In the UK, the BBC refused to bid for the tournament. Following the announcement of Premier Sports as the broadcaster not only for viewers in UK and Ireland but also for viewers in pan-Asia and Canada, Secretary of State for Digital, Culture, Media and Sport Lisa Nandy urged the IRL to strike a deal with a free-to-air broadcaster.

| Region | Broadcaster | Free-to-Air/ Subscription | Details |
|---|---|---|---|
| Australia | Seven Network | Free-to-Air | All men's, women's, and wheelchair matches live. |
| New Zealand | Sky Sport | Subscription | All men's, women's, and wheelchair matches live. |
| Canada | Premier Sports Americas | Subscription | All men's matches live and select women's and wheelchair matches live. |
| Japan Hong Kong Macau Mongolia South Korea Taiwan Afghanistan Vietnam Timor-Leste Thailand Singapore Philippines Myanmar Malaysia Laos Indonesia Cambodia Brunei Bangladesh Bhutan India Maldives Nepal Pakistan Sri Lanka | Premier Sports Asia | Subscription | All men's matches live and select women's and wheelchair matches live. |
| United Kingdom and Ireland | Premier Sports | Subscription | All men's matches live, all England women's and wheelchair matches live, and women's and wheelchair semi-finals and final live. |

==Legacy==
With the announcement of the 2026 Rugby League World Cup, International Rugby League (IRL) also announced a long awaited international rugby league calendar dating from 2023 to 2030, citing the cancellations of the 2025 tournament as "the perfect opportunity" to refresh the international game.
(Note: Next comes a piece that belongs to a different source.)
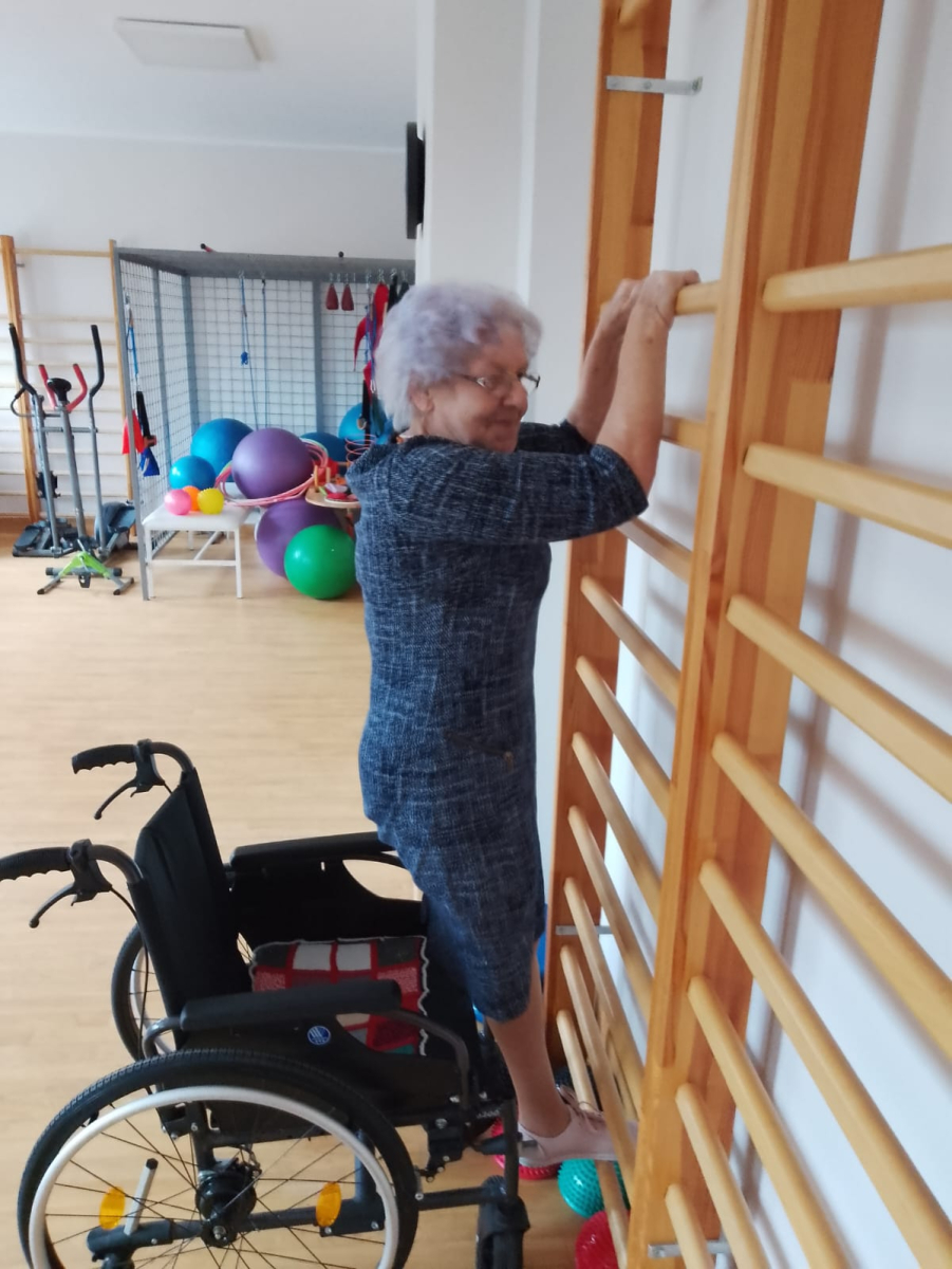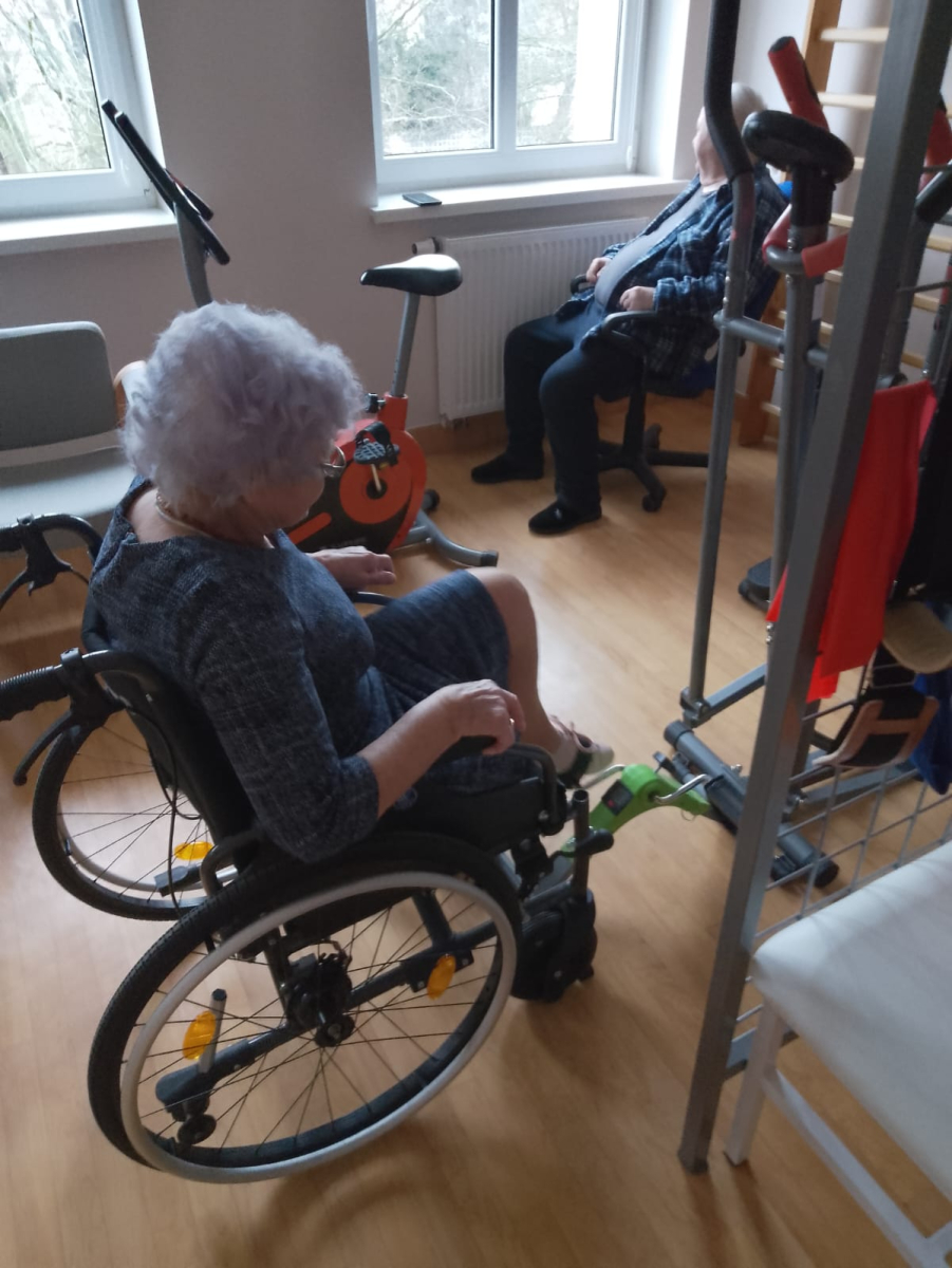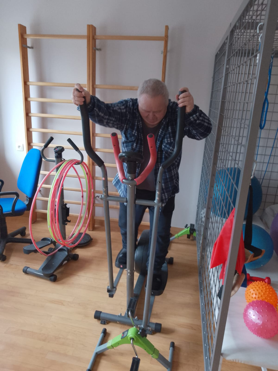 Mieszkańcy Mieszkań Wspomaganych dbają o swoją sprawność i formę, regularnie ćwicząc na sali gimnastycznej. Ćwiczenia dostosowane do możliwości uczestników pomagają wzmacniać kondycję, poprawiać równowagę oraz utrzymywać dobrą sprawność na co dzień.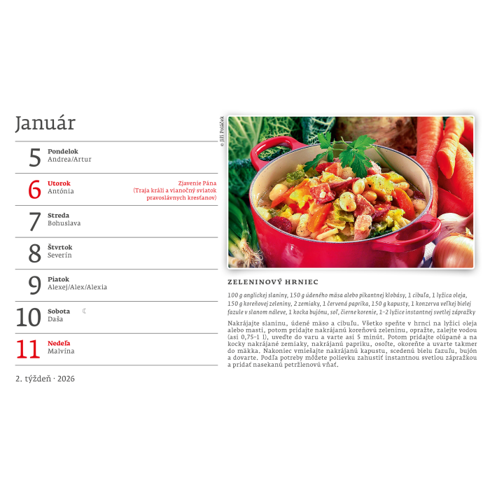 Formát kalendára: 22,6 x 13,9 cm Kalendárium: slovenské týždenné riadkové Počet strán kalendára: 58 + 2 Stojanček: so zámkom Priestor na potlač: 22,6 x 3 cm

The calendar confirmed the already arranged 2023 Tonga tour of England, and also announced a 2025 Kangaroo tour of England and France (which will include the revival of The Ashes), 2027 Kiwi tour of England, 2028 Kangaroo tour of England, and a 2029 tour between England and an unconfirmed Pacific Nation. The announcement also stated a 2024 Samoa tour of England would be likely (as this was already being discussed by the two nations). This was confirmed in June 2024.

The calendar also announced that the Women's Rugby League World Cup would be a stand alone event starting in 2028. In addition, there would be a renewed focus on regional tournaments to aid in developing lesser rugby league nations. A later announcement confirmed the Wheelchair Rugby League World Cup would also be a stand alone event starting in 2029. In 2025, The Guardian credited the success of the 2021 Rugby League World Cup as being key to this change. However following a tendering process, IRL announced that the decision to have three separate tournaments in different years was reversed and the next World Cups would be held concurrently in 2030.